0

So I've seen questions asked before that are along the lines of finding the maximum occurence of a string within a file but all of those rely on knowing what to look for.

I have what you might almost call a flat file database that grabs a bunch of input data and basically wraps different parts of it in html span tags with referencing ids.

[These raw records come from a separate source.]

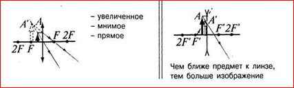 Построить изображение предмета в собирающей и рассеивающей линзах, если предмет находится на расстоянии между F и 2F, между F и линзой. 4 рисунка.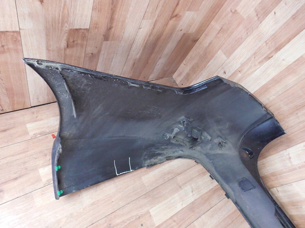 Stötfångaren är i bra skick, har en sprucken spärr, behöver målas om.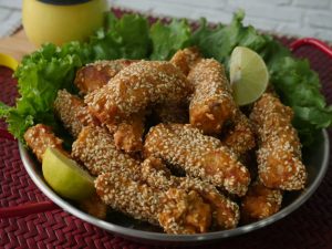 Add egg,all-purpose flour,cornflour,chicken powder,sesame seeds,vinegar & mix well.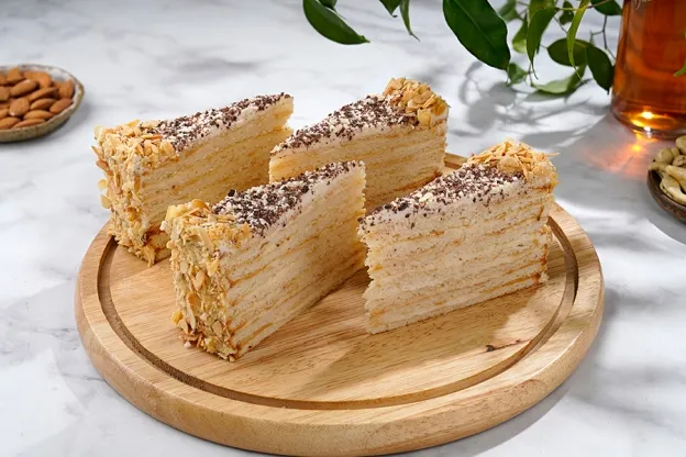 Торт из тонких коржей, пропитанных заварным кремом, приготовленным по классическому рецепту.

Each line comes out in this kind of fashion:

<p>
<span class="ip">58.106.**.***</span> 
Wrote <span class='text'>some text</span>
<span class='effect1'> and caused seizures </span>
<span class='time'>23:47</span> 
</p>

How would I then go about finding the #test contents that occurs the most times.

i.e if I had

<p>
    <span class="ip">58.106.**.***</span> 
    Wrote <span id='text'>woof</span>
    <span class='effect1'> and caused seizures </span>
    <span class='time'>23:47</span> 
    </p>

<p>
    <span class="ip">58.106.**.***</span> 
    Wrote <span class='text'>meow</span>
    <span class='effect1'> and caused mind-splosion </span>
    <span class='time'>23:47</span> 
    </p>

<p>
    <span class="ip">58.106.**.***</span> 
    Wrote <span class='text'>meow</span>
    <span class='effect1'> and used no effect </span>
    <span class='time'>23:47</span> 
    </p>

<p>
    <span class="ip">58.106.**.***</span> 
    Wrote <span class='text'>meow</span>
    <span class='effect1'> and used no effect </span>
    <span class='time'>23:47</span> 
    </p>

the output would be 'meow'.

How would I accomplish this in php?

Michael Zaporozhets
  • 23,588
  • 3
  • 30
  • 47

2 Answers2

1

Have a look at DOMXPath, you can use an XPath query to get all the #text and then find the most used one with php.
There is a problem that you used the same id few times which is not valid HTML so DOM might break.

Daniel
  • 30,896
  • 18
  • 85
  • 139
1

First off: Your format is not conducive to this type of data manipulation; you might want to consider changing it.

That said, based on this structure the logical solution would be to leverage DOMXPath as Dani says. This could have been problematic because of all the duplicate ids in there, but in practice it works (after emitting a boatload of warnings, which is one more reason that the data structure affords revision).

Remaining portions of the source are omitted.